I brought in copies of a tanka by Kunio Tsukamoto, a writer born in 1922 in the Shiga prefecture, who had witnessed a devastating air attack on his naval base in World War II. In Ueda’s translation, the tanka employs parallelism; each of the first four lines begins with the structure “hands [verb] …” and ends with an object with which these hands have interacted.[6]

Over the course of Tsukamoto’s brief poem, hands are multiform, as likely to injure as to give pleasure, and by no means express one’s own agency. The translation that Nowak distributes reads as follows:

hands picking a rose
hands holding a shotgun
hands fondling a loved one
hands on every clock
point to the twenty-fifth hour [7]

From this template, Nowak instructs his workshop participants to imagine their own fixed-based tanka, using their hands as a medium of recollection. One writer, credited pseudonymously, produced the following poem, his first in English:

hands hold phone
hands cook rice
hands touch door
hands point to the home in Iraq
hands write sentences [8]

In Nowak’s reading, the self-reflexive concluding line refers not only to the composition of the poem, but to the mortal hands of legislators, who have the power to mete out punishment by writ. The ambiguity as to just whose hands carry out each of these tasks complicates the deceptively humanist conceit of the poem, which nevertheless alludes to the possibility of taking in hand the materials of one’s own life, from utensils to directions and desires.  

What commends contemporary tanka to work, and work to tanka?
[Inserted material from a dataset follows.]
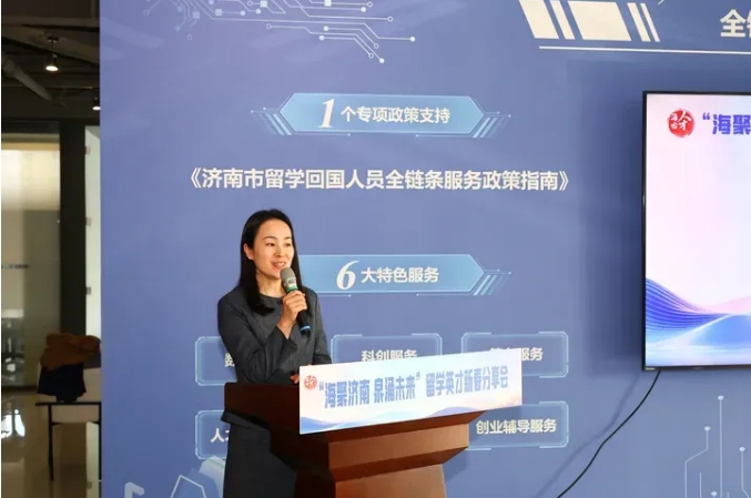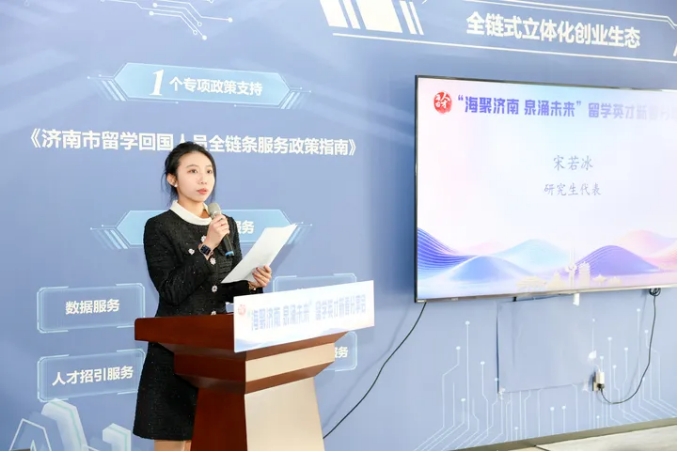 会上,侯总代表留学创业人才分享了自己的创业经验,她留英归国后在济南深耕留学服务行业,扎根济南创业,专注国际教育服务,以创新服务赋能青年成长,用实干回馈城市人才政策支持。并鼓励诺诚学子学成归国,选择济南、扎根济南,在泉城开启就业创业的新征程,共筑泉城美好未来。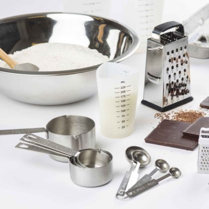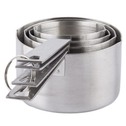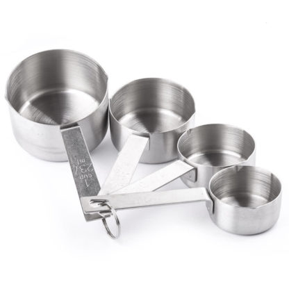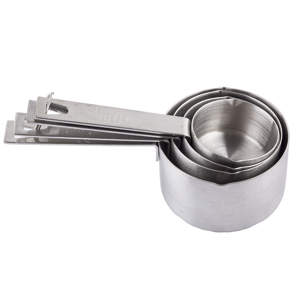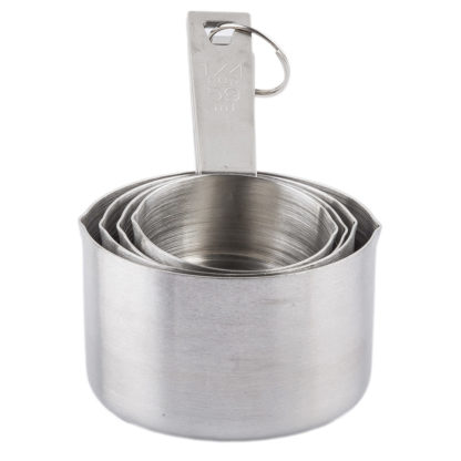 The Tablecraft 725 measuring cup set contains four cups of various measurements that have capacities of 1/4 cup, 1/2 cup, 1/3 cup, 1/2 cup, and 1 cup, so users can accurately measure a variety of ingredients. For enough durability to withstand frequent use, the cups are made of stainless steel.

Occasional in inspiration, intended to distill something of the everyday, plain in diction and general in address; in any language, tanka would seem to support an adaptable realism, establishing a clear relation of the lyric subject to the external world. In a poem by Paloma Zapata, from a Tanka Workers Collective booklet, the trademark epiphany before nature takes place on ‘stolen’ time:

Make up for lost time
I rush winter leaves from my feet
Don’t leave me, don’t leave
White rabbit just make it be
10 minutes late for my shift [9]

Throughout the group’s stapled anthology, flashes of poetic insight punctuate the strictures of shift work. As a writing of and on the clock, each poem conveys something of the parceled and pre-allocated time of personal epiphany, especially precious where the writer’s attention is elsewhere obliged. At the reading I attended, cab drivers, nannies, a “former school secretary turned daycare provider under duress,” and other workers presented their class-conscious poetry to peers and comrades, while others had to leave the daylong proceedings early to attend their jobs.

For the staple imagery of shasei, these poets employ symbols of a second nature—that of the workaday and capital. Dollar amounts and rent prices stand in for natural signs, recurring throughout the group’s output as a gesture toward the effacement and monetary abstraction of the concrete particulars that poetry more often strives to represent.

Urban Tanka

Poet Harryette Mullen describes her 2013 book Urban Tumbleweed as a “tanka diary,” corresponding to a series of daily walks around Los Angeles. If the impetus to this approach—a peripatetic attempt to meld thought and matter, “head and body”—is restlessness before an unfamiliar outdoors, the resultant writing offers as much clarity as complication. In a considered foreword Mullen troubles the categories upon which the micro-genre appears to depend:

What is natural about being human? What to make of a city dweller taking a ‘nature walk’ in a public park while listening to a podcast with ear-bud headphones? What of a poet who does not know the proper names of native and non-native fauna and flora, who sees ‘a yellow flower by the creek’—not a Mimulus?[10]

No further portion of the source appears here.